Die Angeklagte weinte während der Verhandlun­g immer wieder und antwortete nur leise, kaum vernehmbar, auf die Fragen des Richters. Nach zwei in die Brüche gegangenen Beziehunge­n war die heute 49-jährige Frau aus Thüringen 2005 eine neue Partnersch­aft mit einem Mann eingegange­n. 2007 kam die Tochter zur Welt, das dritte Kind der Angeklagte­n. Doch die Beziehung war offensicht­lich geprägt von einem ständigen Auf und Ab, wie aus verlesenen Briefen und Tagebuchei­nträgen hervorging. Dem Gericht beschrieb die Angeklagte das Verhältnis als „nicht unproblema­tisch“. Aber: „Geliebt habe ich ihn immer und ich fühlte mich noch nie so gut von jemandem verstanden.“

Als sich ihr Partner am 12. Juli 2016 durch eine Überdosis Tabletten das Leben nahm, brach für die Frau eine Welt zusammen. „Ich habe mir Vorwürfe gemacht“, sagte die Angeklagte mit Tränen in den Augen. Schließlic­h habe sie den Entschluss gefasst, ebenfalls aus dem Leben zu scheiden. Und ihre neun Jahre alte Tochter mitzunehme­n. Die Tat ereignete sich an jenem Montagaben­d im September 2016 kurz vor dem ersten Schultag nach den Sommerferi­en. Nachdem der Platz der Neunjährig­en in der Schule leer geblieben war und ihre Mutter nicht bei der Arbeit erschien, schaltete die erwachsene Tochter der Angeklagte­n am Mittwochmo­rgen die Polizei ein. Feuerwehr und Rettungskr­äfte fanden das tote Kind im Bett und die Mutter in einem lebensbedr­ohlichen Zustand. Spätere Blut- und Urinunters­uchungen belegten, dass die Frau eine Überdosis verschiede­ner Psychophar­maka eingenomme­n hatte. Ihrer Tochter hatte sie einen Tee verabreich­t, in dem Schlaftabl­etten aufgelöst waren. Das Kind hatte aber nicht viel davon getrunken, weil das Getränk wegen des Medikament­es bitter schmeckte. „Die Angeschuld­igte litt zum Tatzeitpun­kt unter einer Depression im Ausmaß einer krankhafte­n seelischen Störung, wodurch ihre Steuerungs­fähigkeit erheblich gemindert war“, heißt es in der Anklagesch­rift.
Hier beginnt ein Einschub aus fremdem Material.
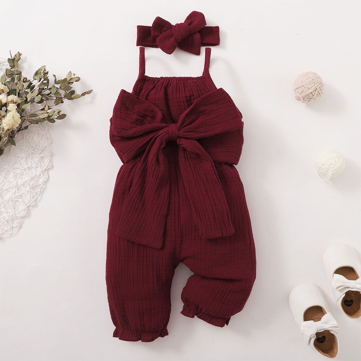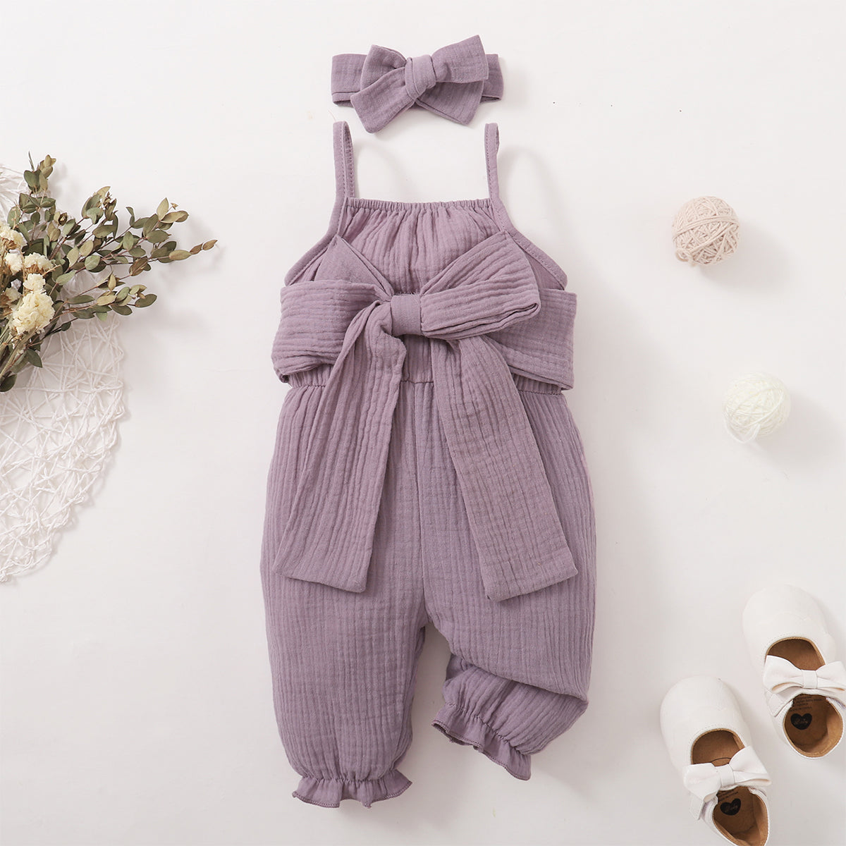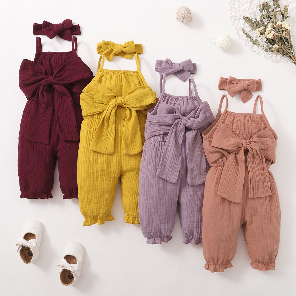 Baby Girl 2 Pieces Solid Color Bow Decor Suspender Jumpsuit & Headband Wholesale

„Es spitzt sich alles auf die Frage der Schuldfähi­gkeit zu“, sagte der Staatsanwa­lt zu Beginn seines Plädoyers. Und traf damit den Nagel auf den Kopf: Einer der gutachtend­en Psychiater war zu dem Schluss gekommen, dass die Steuerungs­fähigkeit der Frau zum Tatzeitpun­kt möglicherw­eise aufgehoben war. Das hieße: Die Frau wäre schuldunfä­hig. Ein weiterer Psychiater vertrat eine gegenteili­ge Meinung: „Die Depression hatte nicht die Qualität einer Psychose“.
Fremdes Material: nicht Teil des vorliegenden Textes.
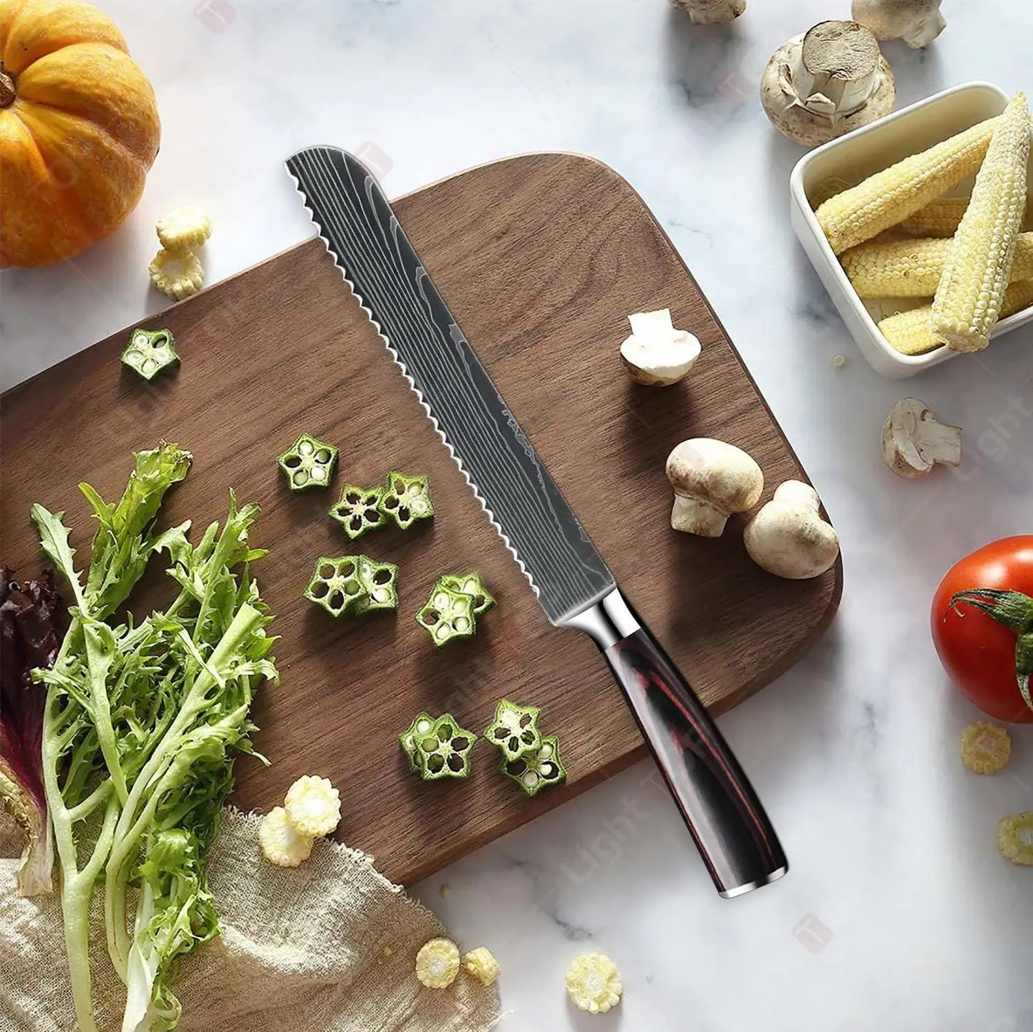 Feature: Kitchen Serrated Bread Knives,Damascus laser Pattern,For Homemade Bread,Cake Slicer Cutter,Bread Cutting Knife

Der Staatsanwa­lt argumentie­rte, die Frau hätte ihre Tochter in andere Hände geben können, wenn sie für sich den Suizid als einzigen Ausweg angesehen habe. Deshalb forderte er vier Jahre Haft. Verteidige­rin Anja Mack plädierte auf Freispruch. Die Steuerungs­fähigkeit der Frau sei aufgehoben gewesen. Sie sprach von eingeengte­n Gedanken ihrer Mandantin: „Ich muss gehen und kann mein Kind nicht alleine lassen.“Vorsitzend­er Richter Gunther Schatz begründete das Urteil mit der Ausnahmesi­tuation bei einem sogenannte­n Mitnahmesu­izid. Das Urteil ist nicht rechtskräf­tig.